3. An environment in which a speaker can have a conversation without being aware of the use of a special device, a means for extracting one or more signals from the conversation and applying them to a voice recognition device, and a recognition result. , In the voice recognition device which displays the result (and / or) outputs a signal for operating a specific one with the result, there is a number in a meaningful word from the obtained recognition results In this case, the speech recognition device is characterized in that the recognition results are displayed on the display so that the numbers near the beginning are in a determined order, and any of the displayed results can be selected without uttering a voice.

4. An environment in which a speaker can have a conversation without being aware of the use of a special device, a means for extracting one or more signals from the conversation and applying them to a voice recognition device, and a result of recognition. In the voice recognition device, which displays the result (and / or) outputs a signal for operating a specific one according to the result, a meaningful word in the obtained recognition result is composed of letters and numbers. If both are present, according to the above ordering, the one closest to the beginning is preferentially ordered and the recognition result is displayed on the display, and one of the displayed ones can be selected without making a sound. And a voice recognition device.

5. The method according to any one of claims 1 to 4, wherein some of the recognition result candidates having a high degree of similarity are collected and displayed on a display, and one of the displayed results is not uttered. A voice recognition device characterized by being selectable.

6. The method according to claim 1, wherein a cursor for selecting a result is displayed on the display with a cursor having a highest similarity among the correct answer candidates.
A voice recognition device characterized in that it is possible to select any of the displayed ones without producing a voice.

7. An environment in which a speaker can have a conversation without being aware of the use of a special device, a means for extracting one or more signals from the conversation and applying them to a voice recognition device, and a recognition result.
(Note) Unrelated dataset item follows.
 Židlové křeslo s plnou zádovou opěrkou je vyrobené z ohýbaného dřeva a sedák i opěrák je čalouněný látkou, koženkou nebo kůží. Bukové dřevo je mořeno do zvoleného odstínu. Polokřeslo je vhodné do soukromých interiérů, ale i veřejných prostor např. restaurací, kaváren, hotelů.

In the voice recognition device, which displays the result (and / or) outputs a signal for operating a specific one according to the result, a meaningful word from the obtained recognition result is a number, or If it is only English letters, it finds a character string that pairs with the number from the separately stored information, displays it as the information of the recognition result on the display, and does not utter any of the displayed characters. A voice recognition device characterized by being selectable.

8. The method according to claim 1, wherein one of the displayed recognition results is selected and a selected character,
Alternatively, a voice recognition device characterized by correcting a part of a numeral by an input means other than voice.

9. The specific word according to any one of claims 1 to 4 or 7, wherein a specific word is recognized so that it is not unnatural for the speaker to continuously say the same or similar words as previously said. The previous recognition result is discarded, or
A voice recognition device characterized by being modified.

10. The voice recognition device according to claim 1, wherein a switch is provided, and a speaker controls voice input to the device by the switch.

11. The voice recognition device according to claim 10, wherein when the switch for voice input control is turned on / off for a shorter time than a predetermined time, the recognition result before that is discarded or corrected. And a voice recognition device.

12. The voice recognition device according to claim 1, wherein the information already displayed is displayed again by a specific command.

13. The voice recognition device according to claim 12, wherein a voice recognition result by a predetermined word that does not make the dialogue unnatural is used as the specific command.

14. The voice recognition device according to claim 12, wherein on / off of a voice input switch is used as the specific command.

15. A voice recognition apparatus according to claim 11, wherein no operation or calculation is performed when a specific word is recognized.